昨日は日弁連での会議のため上京していた。岡山空港で管さんにであった。さすがに厳しい警戒であったが、搭乗前の食事中に少しだけ話をさせてもらった。個人的にもお世話になっていたことがあり,お礼の一言でもと思ったからであった。前日,放映されていた「サンデープロジェクト」の話の流れから,日弁連新会長の宇都宮さんの話題に移って,司法改革のことに話題が移って行った。宇都宮さんには非常に親しみのある感覚をもっていただいているようであった。しかし,今の司法の抱える課題は多種多様に多くの問題を抱えていて,この新執行部と今の政権とが問題意識を共通しあえることになるかどうか,そこは未だ未知数であると言わなければならない。菅さんとのわずかの会話のなかでもそのことを意識せざるをえなかった。この日の日弁連の会議はまさに代わろうとしている日弁連執行部のなかで,この司法改革がどの方向を向いて進んでいくのかそのことを危惧しながら,そして新しい運動の方向性を模索していくような会議となった。

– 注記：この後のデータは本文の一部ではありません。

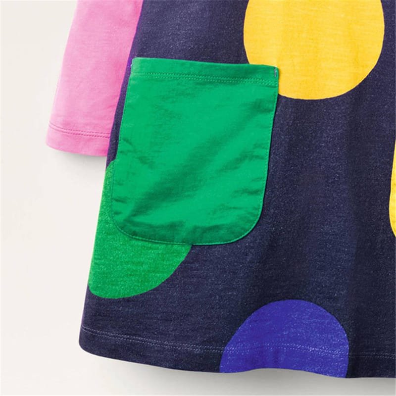 Girls Round Neck Polka Dot Color Blocking Dress

そして,ここのところ,同期の裁判官の動向を知るいくつかのニュース,情報にであった。昨日の赤旗配布の東京高裁無罪判決を書いたのは同期同クラスの裁判官であった。長い間,最高裁の事務総局にいて,裁判員裁判制度の創設に意欲をもって取り組んできていたいわばエリート裁判官といっていいだろう。修習時代からなんとなくなんでも如才なくこなしてきていた男である。その彼が,今回のような判決を書くのだから,流れは大きく変わっていると考えるべきだろうと思う。結論は,ごく当たり前のことを当たり前のように判断しただけであるとは思うが。2つめは,やはり同クラスであった裁判官の退官の辞令記事である。高裁の部総括を担当していたのだから,ほぼ頂点まで達したといっていいのだろう。でもこの人の感覚と私の感覚とはかなり違うとは前から感じていた。もう一人は,福岡での研究会の際に紹介されていた2件の判例を書いたこれも高裁の部総括裁判官の情報である。この紹介された判決はいずれも消費者の本質をしっかりと捉えた判断がなされていた。かつて,岡山地裁にも勤務していたことのある裁判官であるが,そのときの印象では決して考えられない判断であった。いくつかの事件が彼のスタンスに影響を与えたのだろうかと思った。我々世代は法曹として働く最後の時代を迎えている。その最後がどのような仕事をしてきたかによって人は評価する。その意味では,一日,一日を大切に,慎重に自分の表現となる事件処理をしていかなければならないことを感じさせられた。